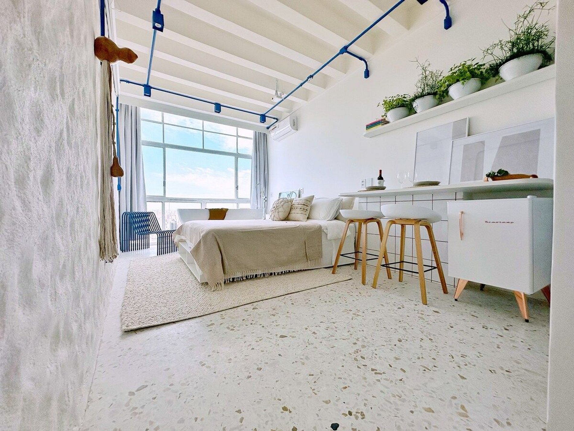 Daydreaming significa sonhar acordado. E é assim que queremos que você se sinta. Tire os sapatos e caminhe nas nuvens. Do alto do 31º andar do Edifício Copan, o prédio mais famoso do Brasil, experimente estar isolado de toda a movimentação do centro de São Paulo, mas perto de todas as suas facilidades. Banheira de imersão. Ar condicionado. Telão de 100". Cozinha básica. Cama Queen Size. Projeto de interiores por @yanainainteriores. Importante: é proibido calçar sapatos.
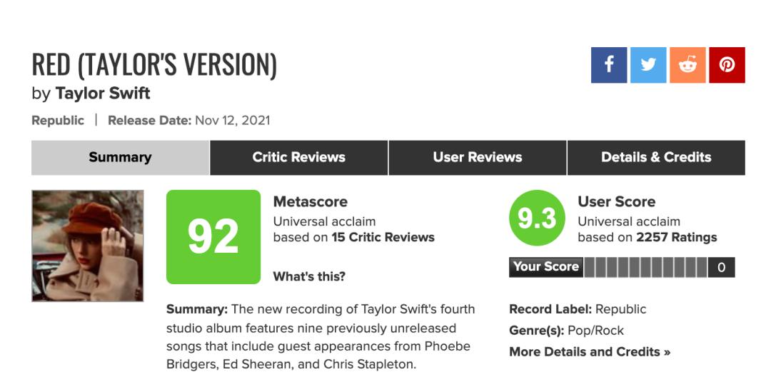 说回泰勒·斯威夫特,《Red (Taylor's Version)》里收录了一首10分钟版的《All Too Well》,这首歌的新版获得了乐评和听众广泛好评。
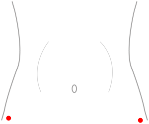 - 腸骨上縁で側部より下方へ5横指(指幅5本分)程向かった所にあるツボになります。まず股関節の前側で、骨盤の骨が一番出ている場所(腸骨前上棘)を触ります。そしてもうひとつ、その場所より中指の長さ程度下のあたりで、脚の外側にある骨の出ている部分(大転子)を見つけます。この二つの点を結んだ中間点にあります。腰骨の前端を少し下がったあたり、左右両側にあります。

→ **THE PROBLEM**: Leave every picture out and set down exactly the lines running from the one with "说回泰勒·斯威夫特,《Red (Taylor's Version)》里收录了一首10分钟版的《All" to the last line of the material above.

→ **WORKED SOLUTION**:
 说回泰勒·斯威夫特,《Red (Taylor's Version)》里收录了一首10分钟版的《All Too Well》,这首歌的新版获得了乐评和听众广泛好评。
 - 腸骨上縁で側部より下方へ5横指(指幅5本分)程向かった所にあるツボになります。まず股関節の前側で、骨盤の骨が一番出ている場所(腸骨前上棘)を触ります。そしてもうひとつ、その場所より中指の長さ程度下のあたりで、脚の外側にある骨の出ている部分(大転子)を見つけます。この二つの点を結んだ中間点にあります。腰骨の前端を少し下がったあたり、左右両側にあります。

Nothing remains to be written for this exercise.